Prompt engineering is a subset of context engineering. The system prompt is one piece of the context. But for agents, the system prompt might be 5% of the total context. The other 95% is conversation history, tool results, and accumulated data — and that is where output quality lives or dies.

The Context Engineering Mindset

Thinking in terms of context engineering changes the questions you ask:

Not "how do I phrase this instruction?" but "what information does the model need right now?"
Not "how do I make the prompt longer?" but "how do I keep the context small and high-signal?"
Not "why didn't the model follow my instruction?" but "what else is in the context that's competing for attention?"

It also means managing the full lifecycle of information in the context:

What enters — tool results, messages, examples
What stays — which messages to preserve, which to drop
What leaves — summarization, truncation, compaction
What gets priority — beginning and end of context receive more attention than the middle

Context curation is a programmatic task. You can remove stale information, prioritize placement, inject relevant data based on the current query, and use smaller models (like Haiku) to summarize old messages or select between system prompt variants. This metaprogramming — using LLMs to manage the context of other LLM calls — is a core pattern in agent development.

The Central Discipline

Context engineering — curating the smallest possible set of high-signal tokens — is the central discipline of agent development. Everything built from this point forward in the course — context management strategies, RAG, memory systems, skills, multi-agent architectures — is a context engineering technique.

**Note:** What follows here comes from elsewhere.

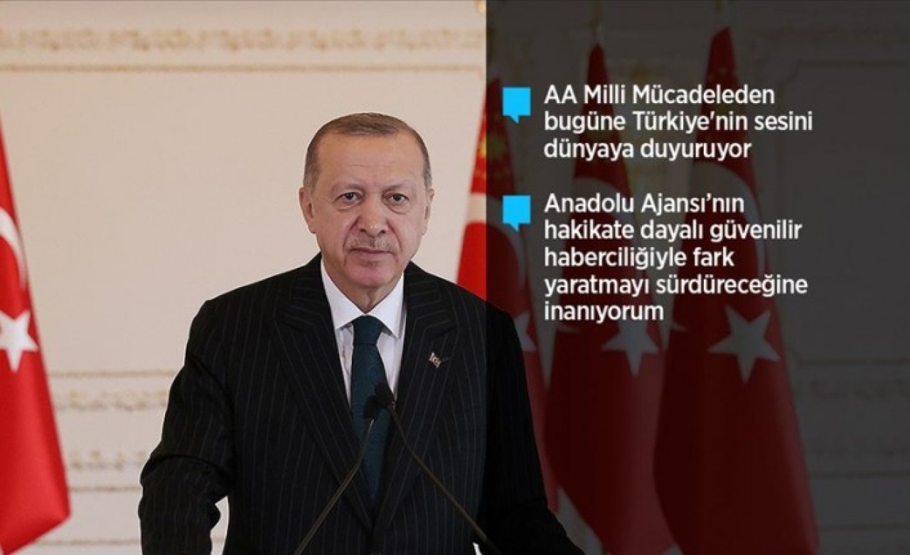 Cumhurbaşkanı Recep Tayyip Erdoğan, yayımladığı mesajda, Milli Mücadele'den bugüne Türkiye'nin sesini dünyaya duyuran AA'nın 102'nci kuruluş yıl dönümünü tebrik etti.

Each addresses a different aspect of the same problem: ensuring the model has exactly the information it needs to make its next decision, and nothing more.

Module 3 in Review

This module moved from theory to practice:

Lecture 3.1 — anatomy of an API call, message roles, conversation history, error handling
Lecture 3.2 — the model landscape, tiers, costs, local models
Lecture 3.3 — temperature, sampling parameters, output control
Lecture 3.4 — in-context learning, context rot, context engineering

The next module goes deeper into context windows — measuring them, managing them, and designing tools that keep them small.